#### Work to be completed:
The line containing "Domenica 19 marzo", plus every line that follows it to the end of the listing below, is what you transcribe exactly; omit all pictures.
*** Begin section ***
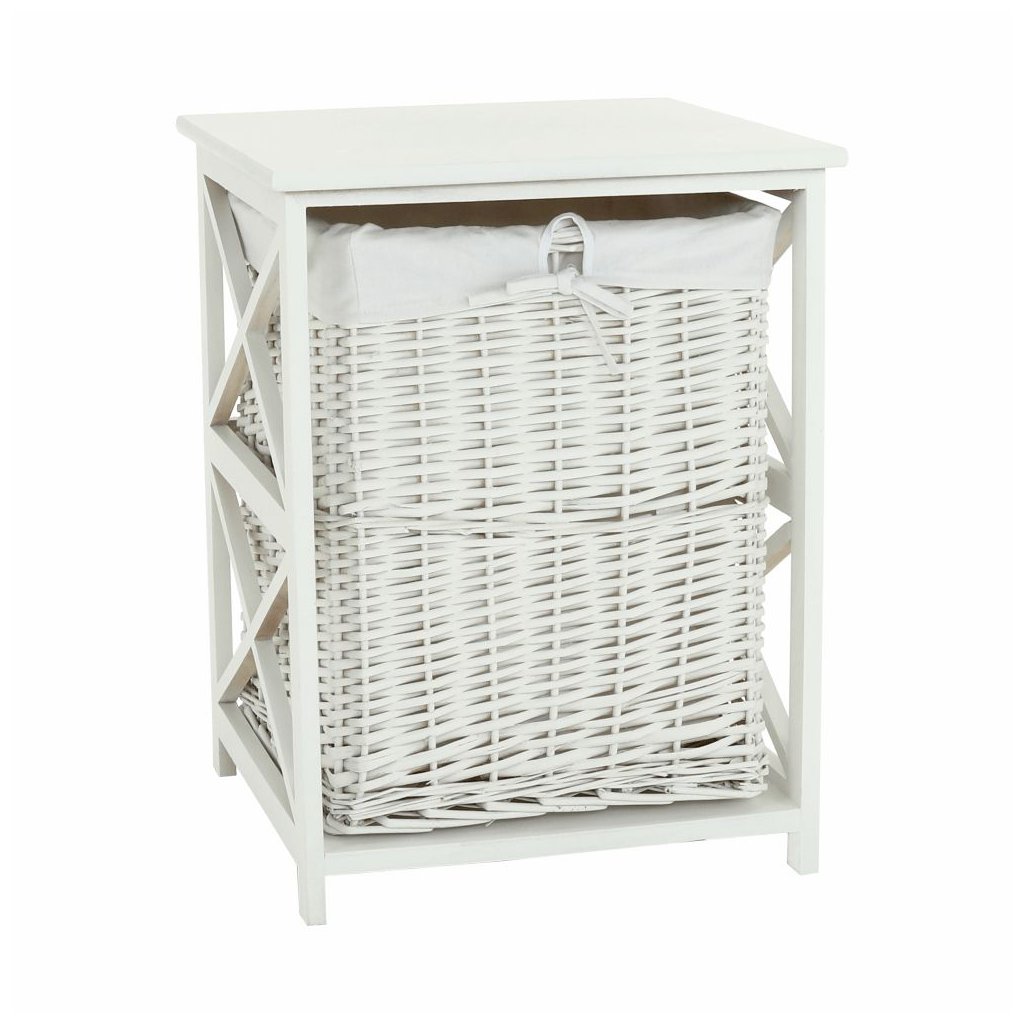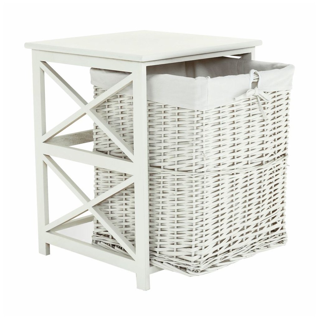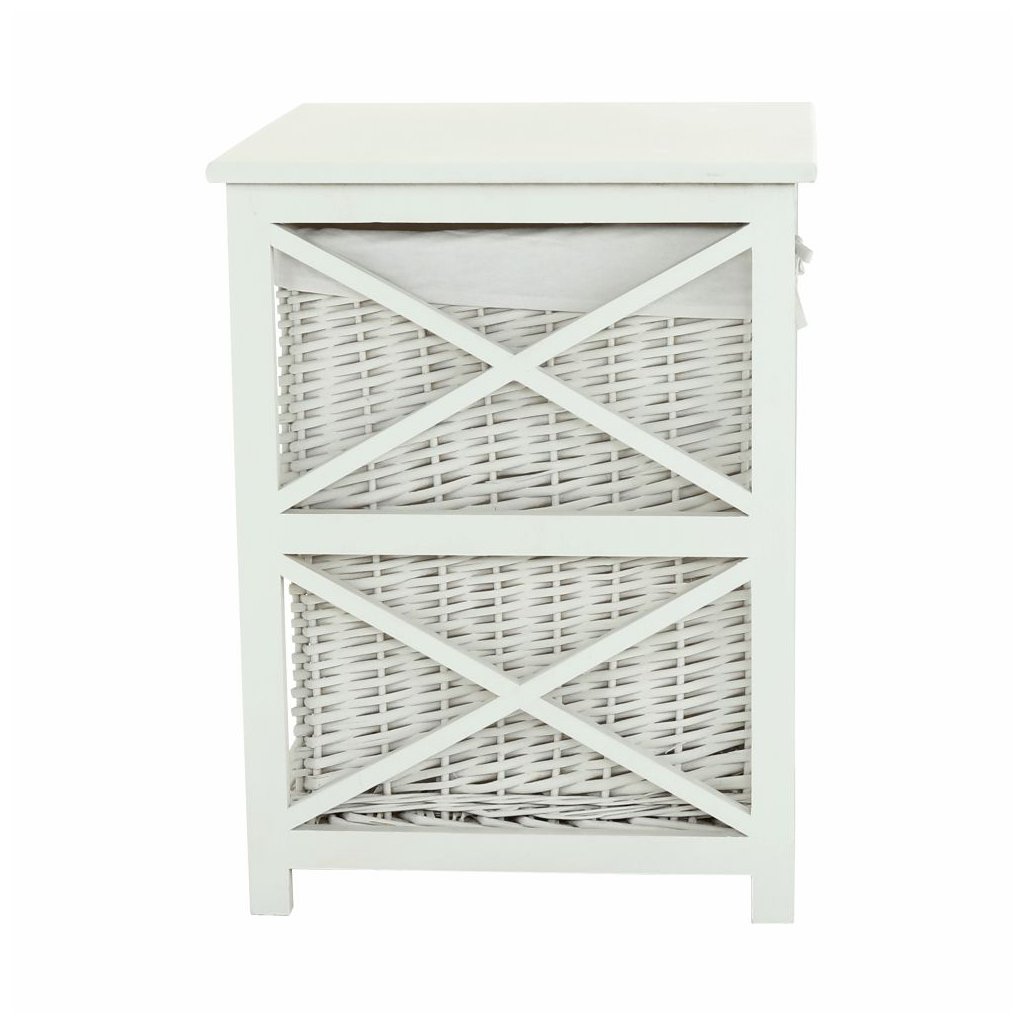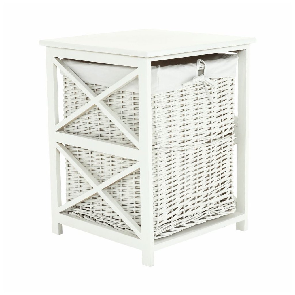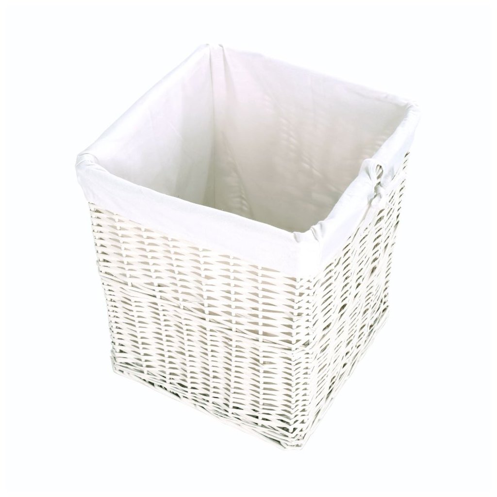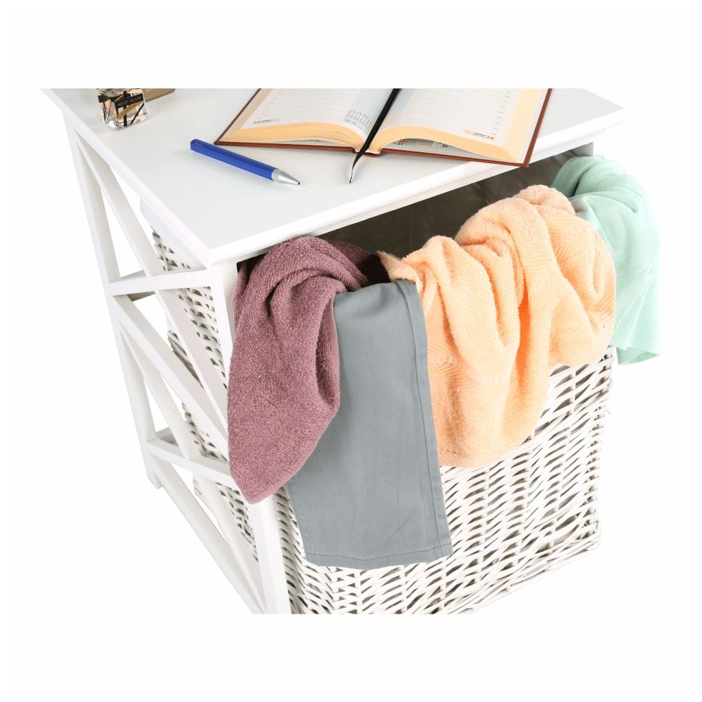 Biely kôš na bielizeň RAFAELLO z prútia, dreva a látky. Rozmery 46x46x60 cm. Praktický a štýlový doplnok do vašej domácnosti, dodávaný v monte.
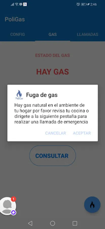 looking for natural gas leaks using a device that is in the kitchen of the home or predetermined place.
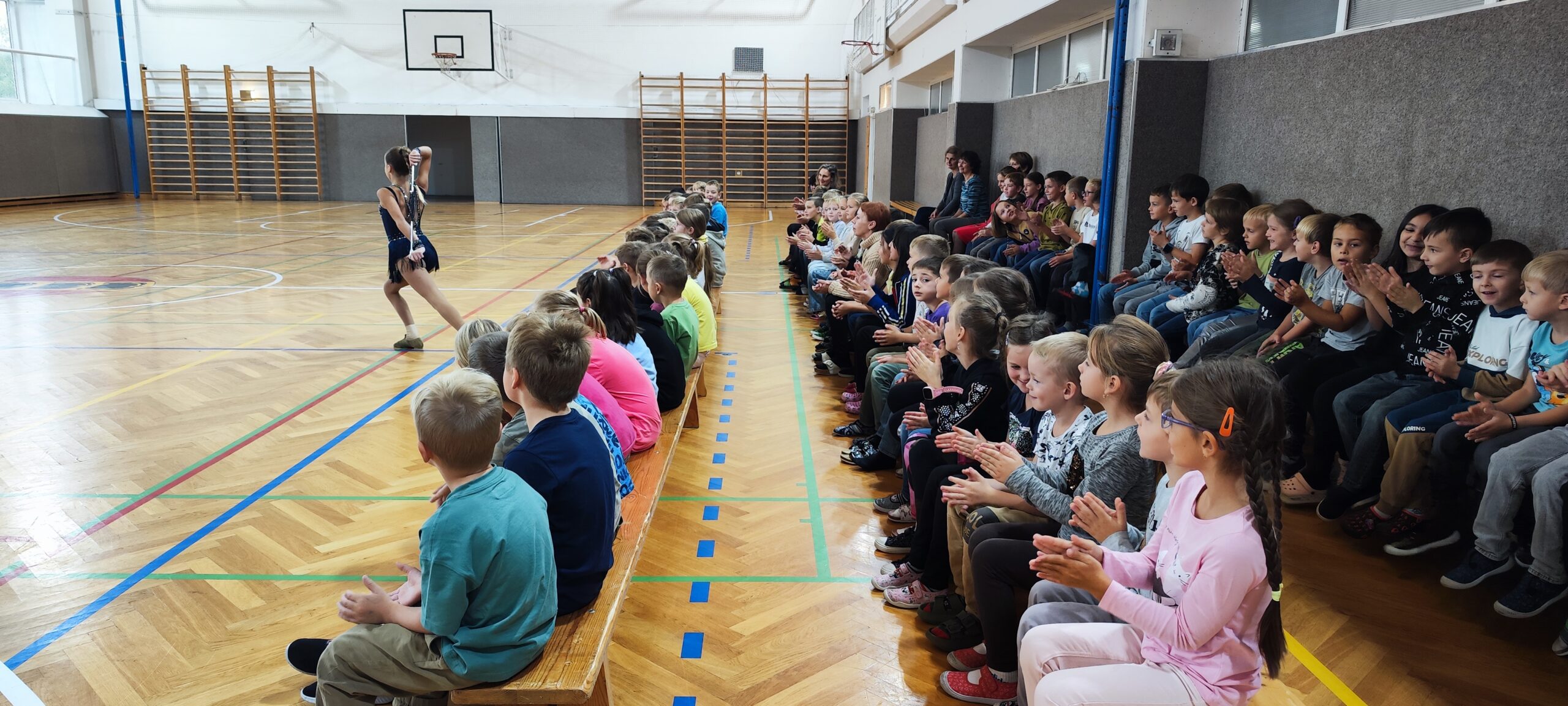 V úterý 16. října proběhlo v tělocvičně naší školy ukázkové představení mažoretek pod vedením instruktorky Sáry Šmídové.
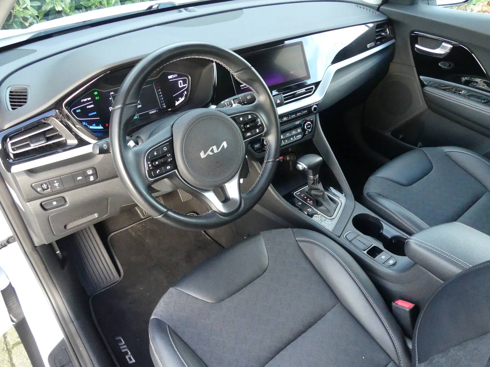 Laat u niets wijsmaken, de reputatie van de Koreaanse automerken is boven iedere twijfel verheven. Dat geldt ook voor deze Kia Niro uit 2022 met zijn tellerstand van 105837 kilometer. Zuinig rijden, minder uitstoot, maximale radius. Door de hybride motor die elektrisch én benzinerijden mogelijk maakt is dit de ideale combi. De uitmonstering van deze auto wordt gecompleteerd door onder meer 16 inch lichtmetalen velgen, halflederen bekleding, LED-dagrijverlichting, in hoogte verstelbare passagiersstoel, in delen neerklapbare achterbank en LED-achterlichten. Een vergeten muurtje, een verborgen paaltje? Dat gebeurt niet meer, dankzij de achteruitrijcamera. Adaptive cruise control is een comfortabele en veilige optie. Het systeem reguleert de snelheid en houdt automatisch afstand tot uw voorligger. Selecteer uw reisbestemming en het full map navigatiesysteem brengt u snel waar u moet zijn. Extra veiligheid is gegarandeerd door de ingebouwde kruisend verkeer detectie. Automatische airconditioning regelt volautomatisch de temperatuur. U kiest de gewenste temperatuur en het systeem doet de rest. Deze Kia is voorzien van sportstuur met schakelpaddels, DAB ontvangst, regensensor, automatisch dimmende binnenspiegel, centrale deurvergrendeling met afstandsbediening en bagage afdekhoes. De automatische veiligheidssystemen in deze Kia fungeren als een extra paar ogen. En dat niet alleen, ze kunnen ook actief ingrijpen, om zo u en uw passagiers te beschermen. Indien u onbedoeld de rijstrook lijkt te verlaten, reageert het Lane-keeping systeem meteen en corrigeert. Bovenop deze veiligheidsfeatures heeft deze Kia bovendien hill hold functie, autonoom remsysteem en bandenspanningcontrolesysteem. Laat het ons meteen weten als u interesse heeft in deze Kia, dan kunnen we een afspraak maken om u de auto te demonstreren.
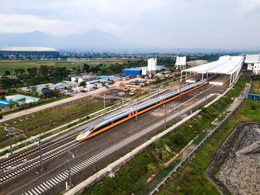 This aerial photo taken on Nov. 16, 2022 shows a comprehensive inspection train running on the Jakarta-Bandung High-Speed Railway trial section to conduct inspection in Bandung, Indonesia. (Photo by Jiao Hongtao/Xinhua)
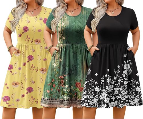 IN'VOLAND Plus Size Summer Dress 🌸👗 combines comfort and style! Short sleeves, empire waist T-shirt design, and handy pockets perfect for casual summer outings ☀️💖.
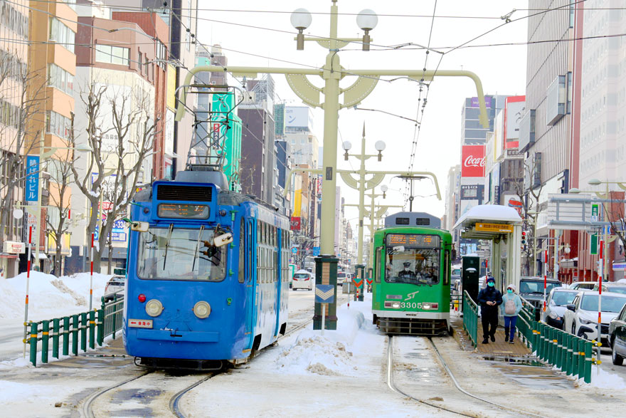 〔 札幌市電 資生館小学校前 停留場でご対面! 内回り 220形 222 ・ 外回り 3300形 3305 R. 7. 2. 12 撮影 〕
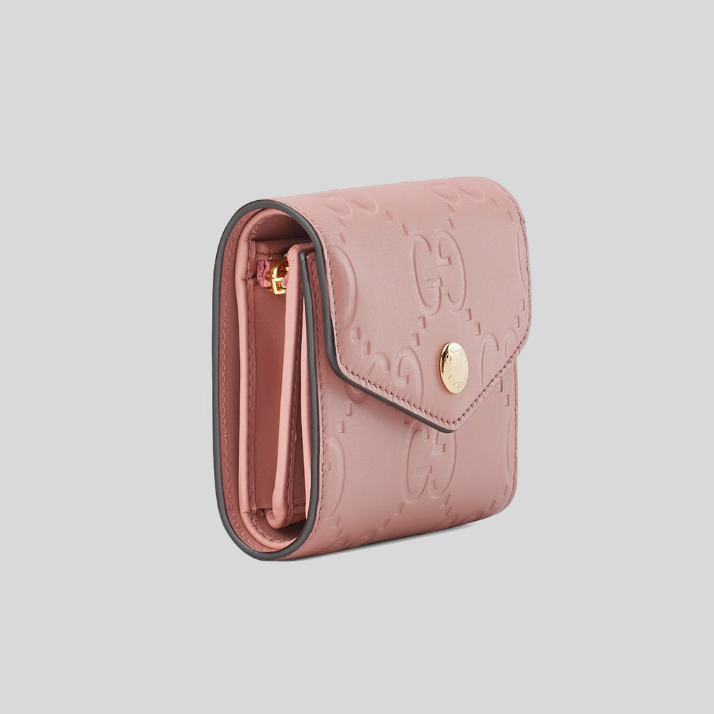 GUCCI Gilbert Calf Leather GG Trifold Wallet Dusty Rose 772793
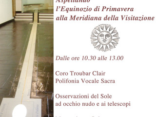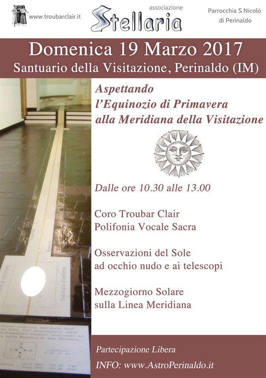 Domenica 19 marzo dalle ore 10.30 alle 13, iniziativa dell'associazione Stellaria presso la Meridiana della Visitazione, alle porte di Perinaldo (bivio per Apricale). Un evento per scoprire l'equinozio di primavera, che astronomicamente cadrà lunedì 20 alle ore 11:28 (ora locale).
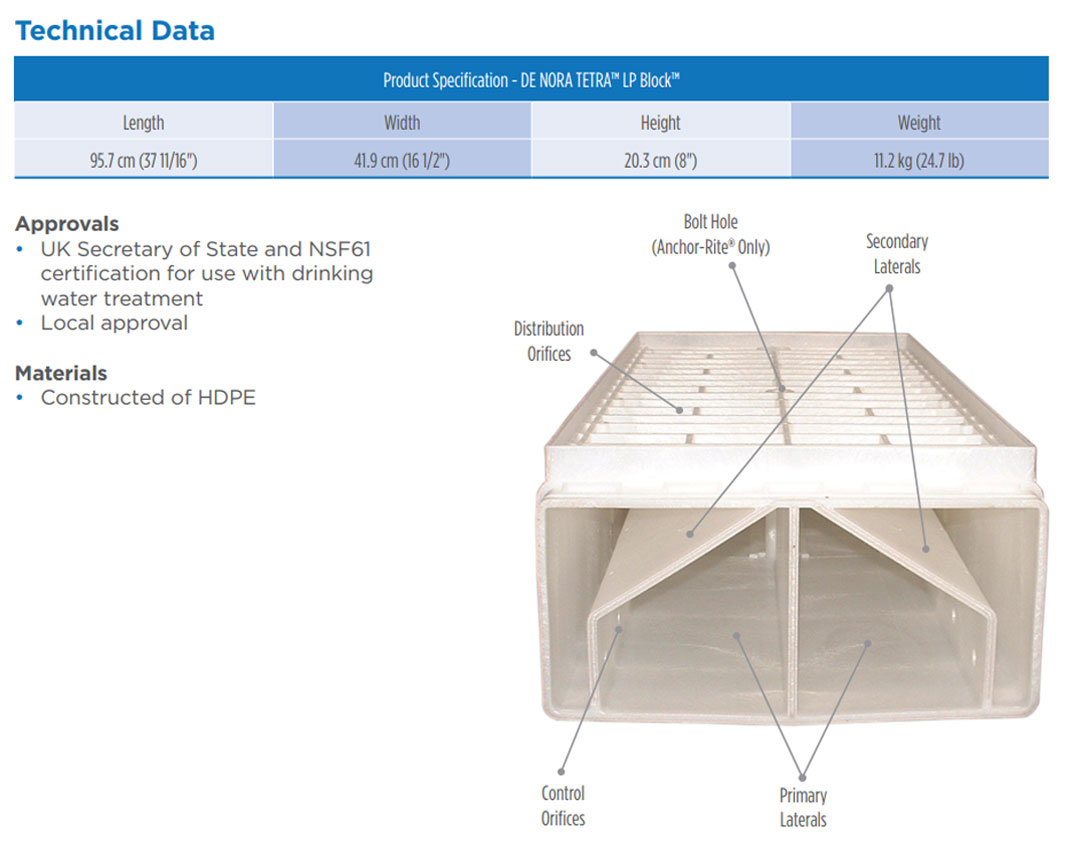 The DE NORA TETRA™ LP Block™ underdrain ensures lower operating costs and effective backwash distribution that can improve run times.
*** End section ***
#### Reply:
 Domenica 19 marzo dalle ore 10.30 alle 13, iniziativa dell'associazione Stellaria presso la Meridiana della Visitazione, alle porte di Perinaldo (bivio per Apricale). Un evento per scoprire l'equinozio di primavera, che astronomicamente cadrà lunedì 20 alle ore 11:28 (ora locale).
 The DE NORA TETRA™ LP Block™ underdrain ensures lower operating costs and effective backwash distribution that can improve run times.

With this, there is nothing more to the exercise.